Kepala BRIN Arif Satria melakukan peninjauan langsung ke lokasi proyek pada Selasa, 5 Mei 2026, guna memastikan kesiapan infrastruktur strategis tersebut. Keberadaan observatorium di kawasan khatulistiwa ini diharapkan mampu memperkuat kolaborasi riset internasional serta mendukung operasional pangkalan antariksa nasional atau spaceport di Biak, Papua.

"Kami ingin teleskop ini segera dirampungkan dan beroperasi penuh, karena akan menjadi fasilitas strategis bagi penguatan riset antariksa Indonesia. Sekaligus mendukung pengembangan spaceport nasional di Biak, Papua," kata Arif Satria, Kepala BRIN.

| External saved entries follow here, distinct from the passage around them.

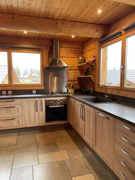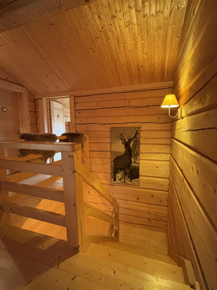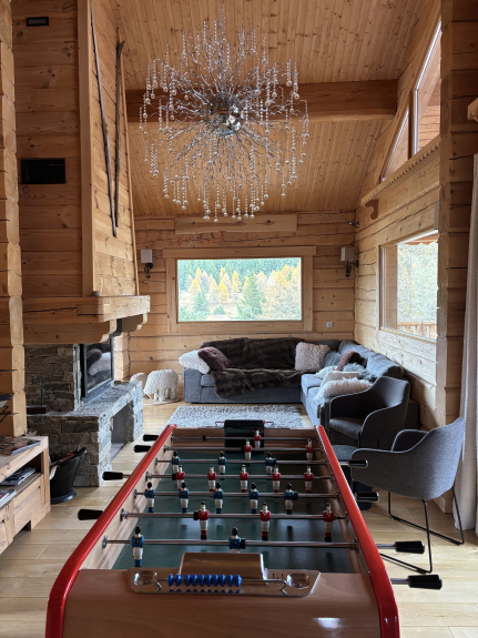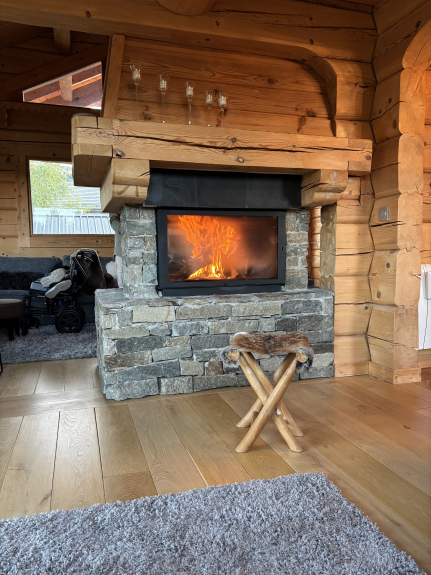 Este auténtico chalet de troncos tiene más de 300 m² repartidos en 3 niveles.
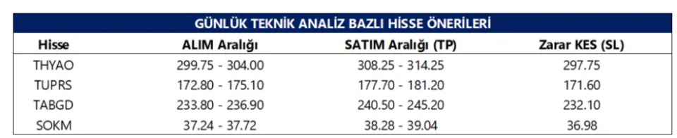 Böylece Tacirler Yatırım tarafından 15 Ekim 2025 tarihinde paylaşılan günlük teknik analiz bazlı hisse önerileri listesinde, THYAO, TUPRS, TABGD ve SOKM hisseleri olmak üzere toplam 4 hisse yer almış oldu.
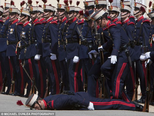 3月份,查爾斯和卡米拉訪問西班牙時一名儀仗隊人員的暈厥姿勢
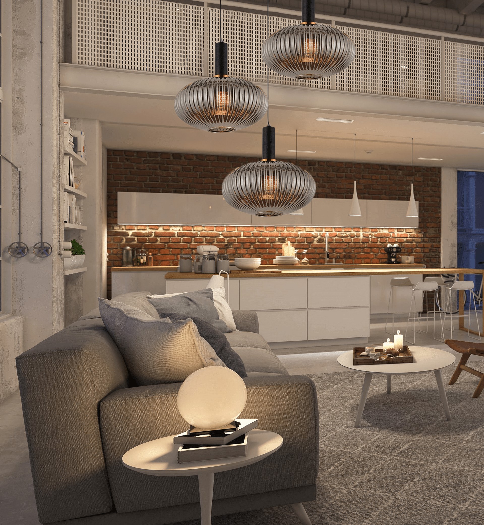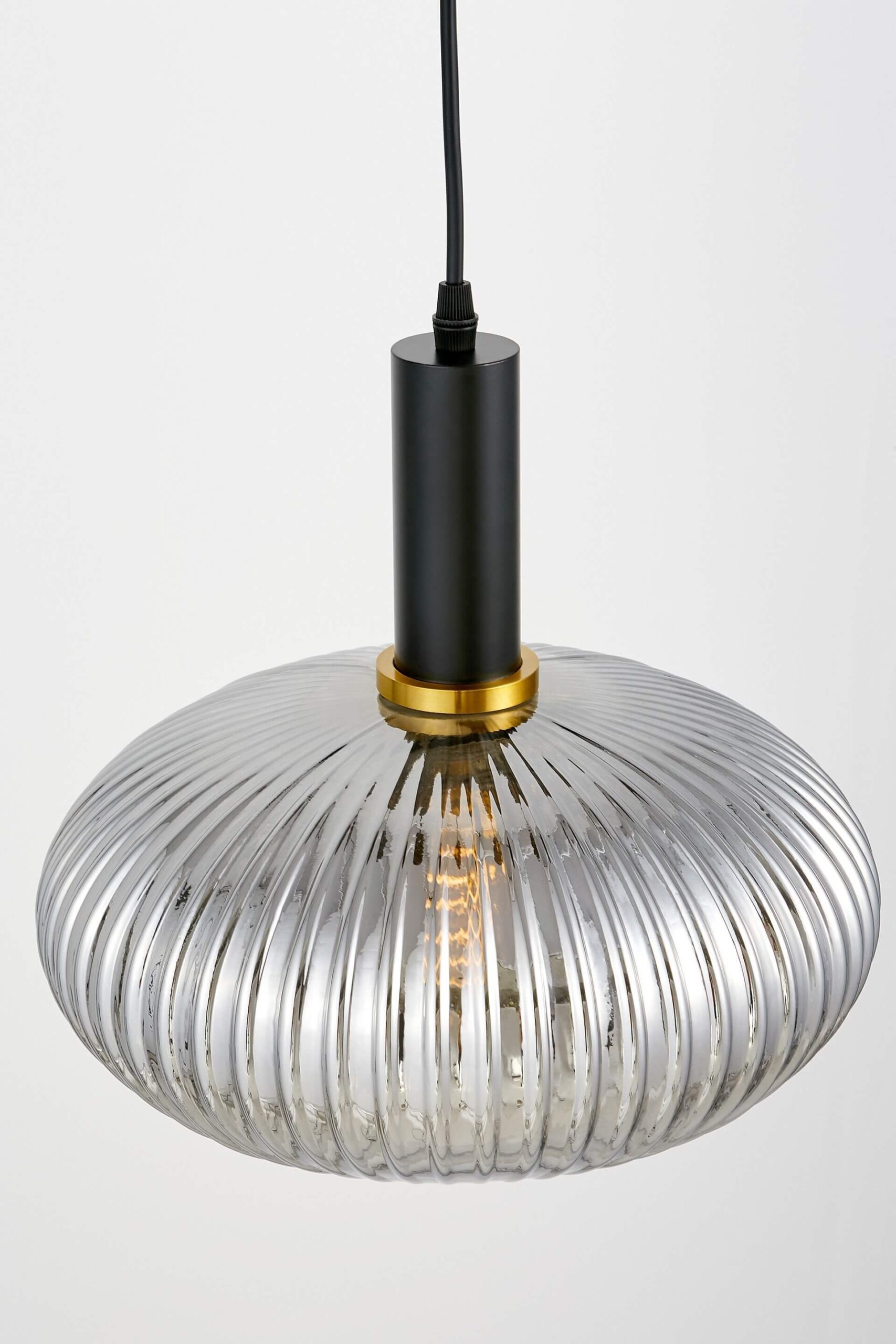 La lampada di design con paralume in vetro FLORI è una luce moderna perfetta per illuminare la cucina oppure locali commerciali come ristoranti e bar. Il paralume della lampada misura 30 cm e si caratterizza per una forma interessante, curata nei particolari. Al paralume in vetro grigio fumo è abbinato un elemento decorativo a forma di anello color ottone. La resa estetica è davvero eccezionale.
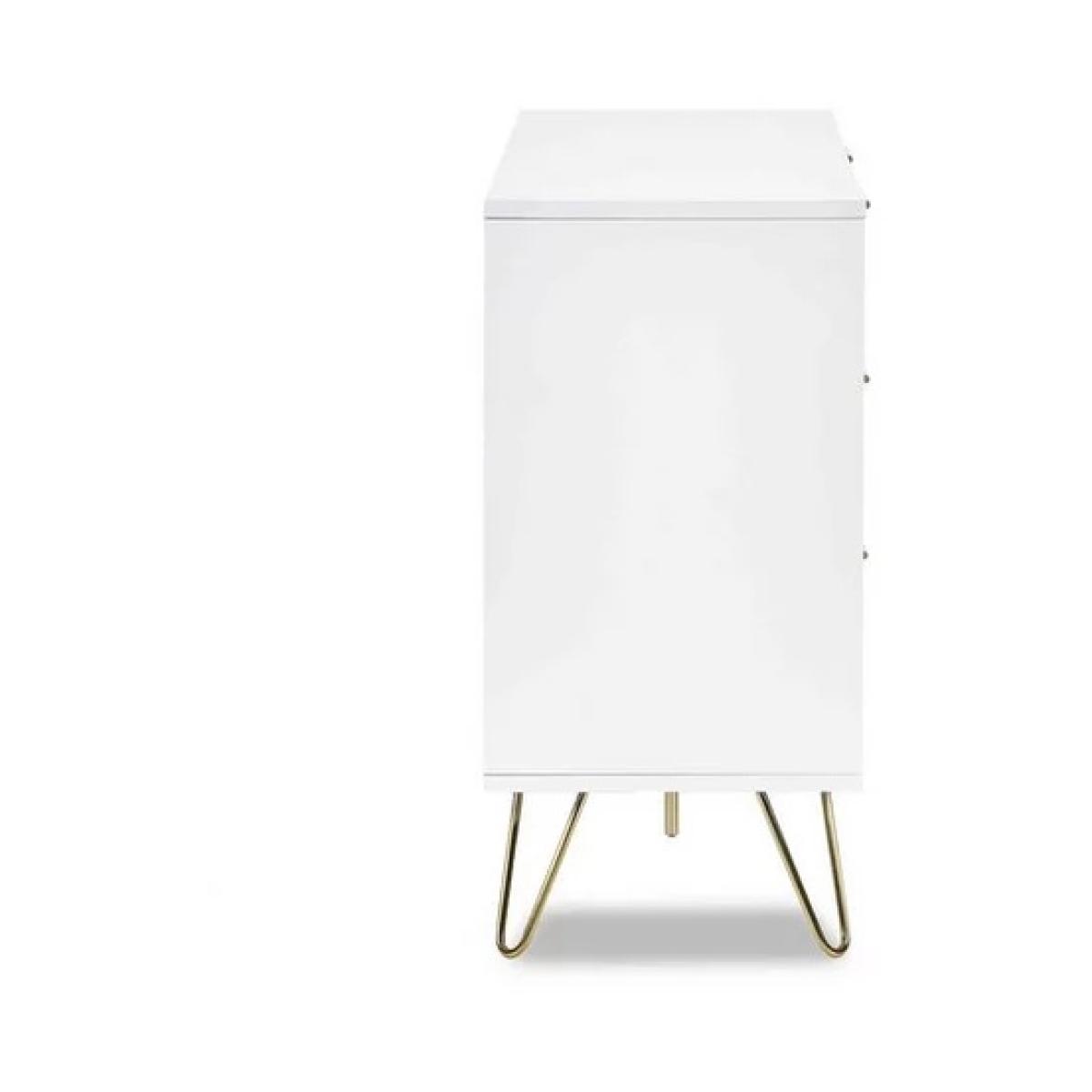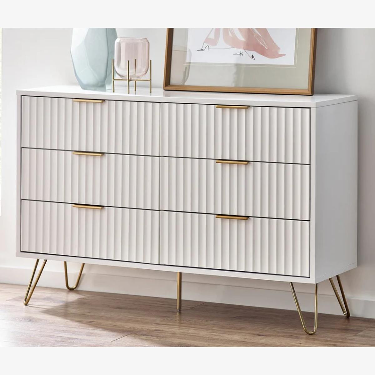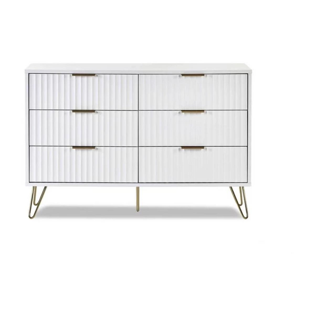 Sleek, streamlined, and effortlessly modern, the Julian Bowen Murano 6 Drawer Chest in matt white brings both style and practicality to contemporary interiors. With a minimalist design and generous storage space, this chest is perfect for keeping your bedroom tidy while maintaining a clean and uncluttered aesthetic. Featuring six spacious drawers, the Murano chest provides ample room for clothing, linens, and everyday essentials. The drawers glide smoothly on quality metal runners, combining functionality with long-lasting performance. Its crisp matt white finish complements a wide range of décor styles, from modern Scandi-inspired spaces to classic neutral schemes. Recessed drawer handles contribute to the chest’s clean lines and understated elegance, making it a versatile addition to any home. Whether used on its own or paired with other items from the Murano Range, this 6 drawer chest offers practical storage with a refined, contemporary edge. Features: Sculpted scalloped fronts 6 drawers Brushed gold accents High-end design Bedroom and living ranges available Home Assembly Required Dimensions: Height 80cm Width 120cm Depth 40cm All screens vary in colour reproduction and whilst every effort has been made to display the colour as accurately as possible it is for guidance only.

Selain percepatan fisik, pimpinan BRIN juga menekankan penguatan ekosistem riset melalui penambahan tenaga peneliti dan perbaikan fasilitas pendukung lainnya. Upaya ini mencakup revitalisasi gedung magnetometer demi menjamin akurasi data yang dihasilkan pusat observasi tersebut.

"Tidak hanya membangun teleskop, tetapi kami juga perlu memperkuat ekosistem risetnya. Penambahan peneliti dan revitalisasi gedung magnetometer menjadi bagian penting untuk mendukung operasional observatorium secara optimal," ujar Arif Satria, Kepala BRIN.

Arif juga menyoroti pentingnya aksesibilitas logistik dengan meminta Pemerintah Kabupaten Kupang untuk memperbaiki infrastruktur jalan menuju kawasan Gunung Timau. Hal ini bertujuan agar operasional pusat penelitian tidak terhambat oleh isolasi wilayah.

"Observatorium ini memiliki peran strategis bagi riset antariksa Indonesia. Karena itu, akses jalannya juga harus diperkuat agar kawasan ini tidak terisolasi," ucap Arif Satria, Kepala BRIN.

Research Fellow Pusat Riset Antariksa BRIN, Andre Pandie, memberikan pandangan teknis mengenai integrasi fasilitas ini dengan visi kedirgantaraan nasional. Menurutnya, observatorium ini akan menjadi pilar utama dalam pengembangan aktivitas luar angkasa Indonesia di masa depan.

"Observatorium ini nantinya diharapkan menjadi fasilitas pendukung utama dalam operasional dan pengembangan aktivitas antariksa nasional," kata Andre Pandie, Research Fellow Pusat Riset Antariksa BRIN.

Secara spesifikasi, teleskop di Gunung Timau merupakan yang terbesar di Asia Tenggara dan hanya memiliki satu tandingan serupa di Jepang. Posisi geografis Indonesia yang berada di jalur khatulistiwa menjadi nilai tawar tinggi bagi mitra global untuk melakukan pengamatan benda langit secara optimal.

"Dan juga posisi kita yang strategis di khatulistiwa sehingga menjadi spot yang ideal untuk pengamatan luar angkasa. Karena itu, sudah ada kerja sama internasional dan akan ada kerja sama berikutnya yang menunggu bila teleskop ini sudah beroperasi," ujar Andre Pandie, Research Fellow Pusat Riset Antariksa BRIN.